= Uttara Ashadha =

26th lunar mansion of Hindu astronomy

Uttara Ashadha (Sanskrit: उत्तर आषाढ lit. "latter victory", "latter unconquered"), also known as Uthiradam/Uthradam in Tamil and Malayalam ( Tamil: உத்திராடம், Malayalam: ഉത്രാടം), is the twenty-first of the 27 Nakshatra (constellations) in Hindu astrology. It is situated on the lower part of Lyra and spans from 26°40" in Sagittarius to 10°00" in Capricorn in the sidereal Vedic zodiac.

==History==
It has 4 quarters (padas), the first one falls in Sagittarius and the last three padas fall in Capricorn. The sun (Surya) is the lord of Uttara Ashadha. It has a shape of a stage. This nakshatra is symbolised by a tusk of an elephant or by a small bed.

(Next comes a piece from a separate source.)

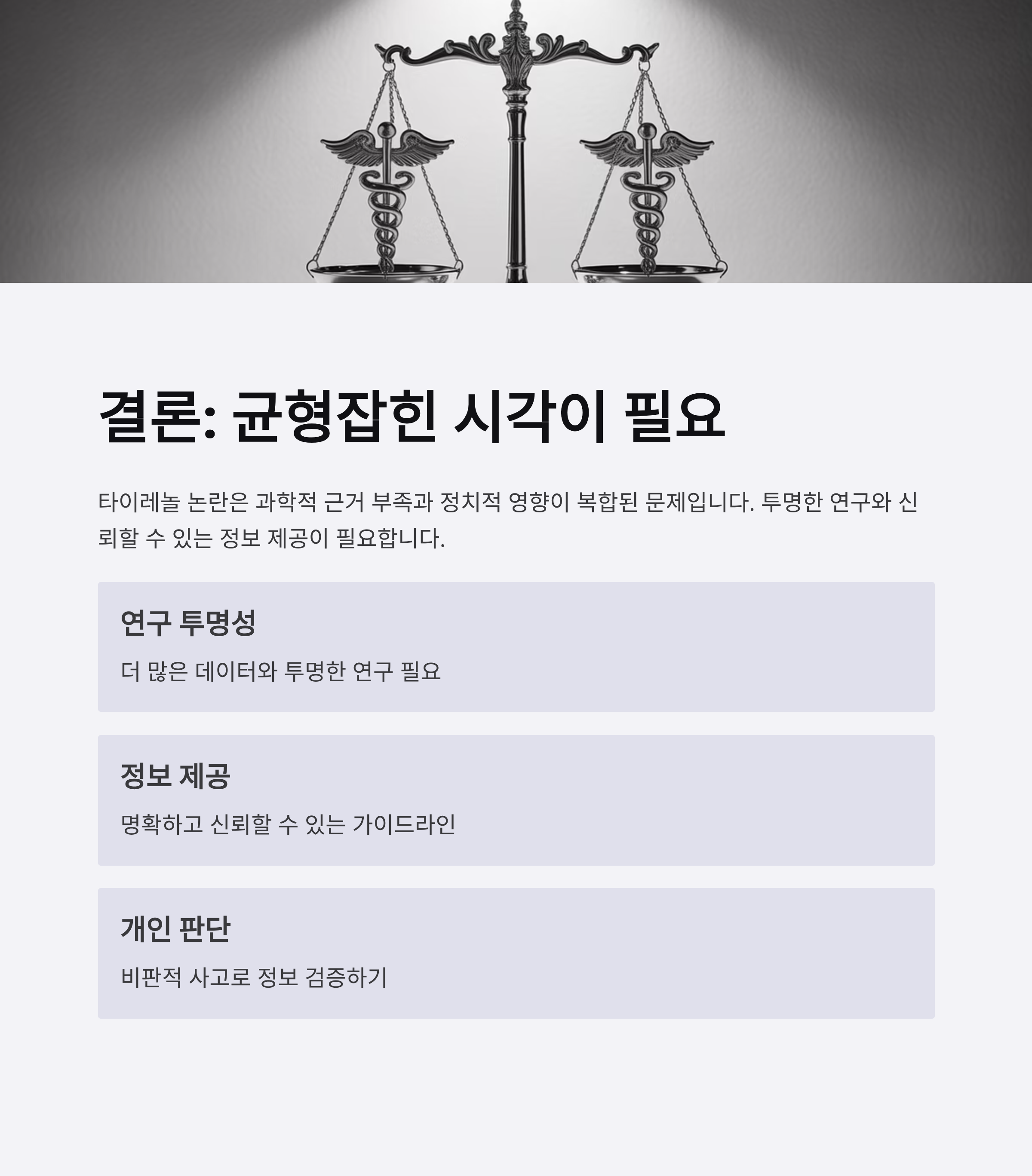 타이레놀 논란은 과학적 근거 부족, 정치적 영향력, 그리고 다양한 이해당사자가 밀집된 복합적인 문제다. 구체적으로 다음과 같은 과제들이 있다. 첫째, 연구 데이터의 투명성과 접근성이 높아져야 한다. 두 번째, 정부 기관과 제약회사는 복용자와 명확하고 신뢰할 수 있는 정보를 제공해야 한다. 마지막으로, 대중은 어떤 정보이든 비판적으로 받아들이고 검증하려는 태도를 가져야 한다. 결론적으로, 타이레놀 논란은 현대 사회에서 건강 이슈와 정보 선택의 중요성을 일깨운다. 정보에 대한 객관적 평가와 판단을 통해, 우리는 더 나은 결정을 내릴 수 있을 것이다.
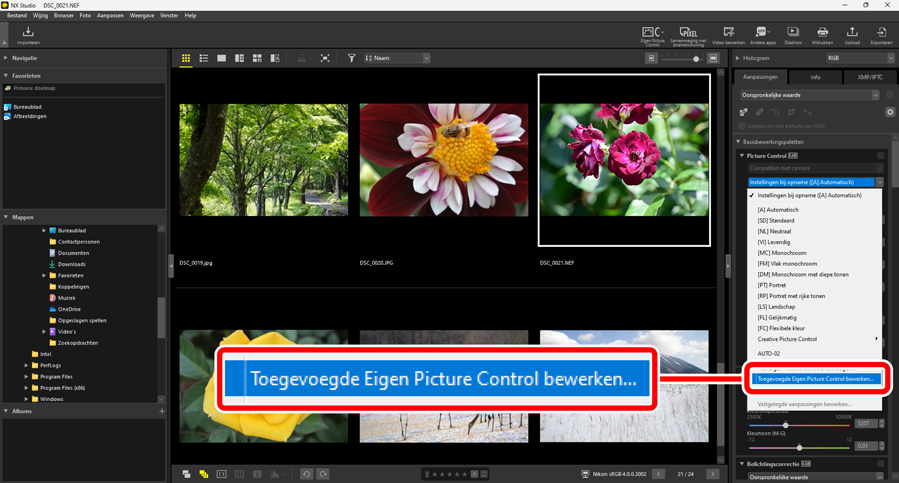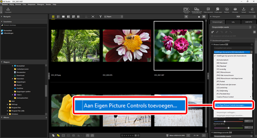 Er kunnen maximaal 150 Eigen Picture Controls worden toegevoegd aan NX Studio.

The individuals born in this nakshatra are believed to be one of the most attractive, well-mannered and known for their absolute calmness towards greatest aggression. Due to their sense of independence they are loners and sometimes face difficulties in marriage, the loneliness is also depicted by the animal of this star which is mongoose with no female counterpart. They are believed to be refined, soft-spoken, pure hearted, innocent, and in many cases happen to occupy a very high position in the societies.

It is thought that people born under this nakshatra experience loneliness.

It is believed that the person with this star rising on ascendant has remarkable personality. It is the birth star of famous personalities like George Washington, Abraham Lincoln, Indira Gandhi, Brad Pitt, Muhammad Ali.

People born under this nakshatra are given names that start with Bhe, Bho, Ja, or Ji.

== Astrological significance ==
In Hindu astrology, Uttara Ashadha is ruled by the Sun and symbolized by the elephant tusk, representing victory and authority. Its presiding deities are the Vishvadevas, the universal gods who bestow righteousness, truth, and leadership qualities. This nakshatra is considered auspicious for activities requiring long-term success and moral integrity.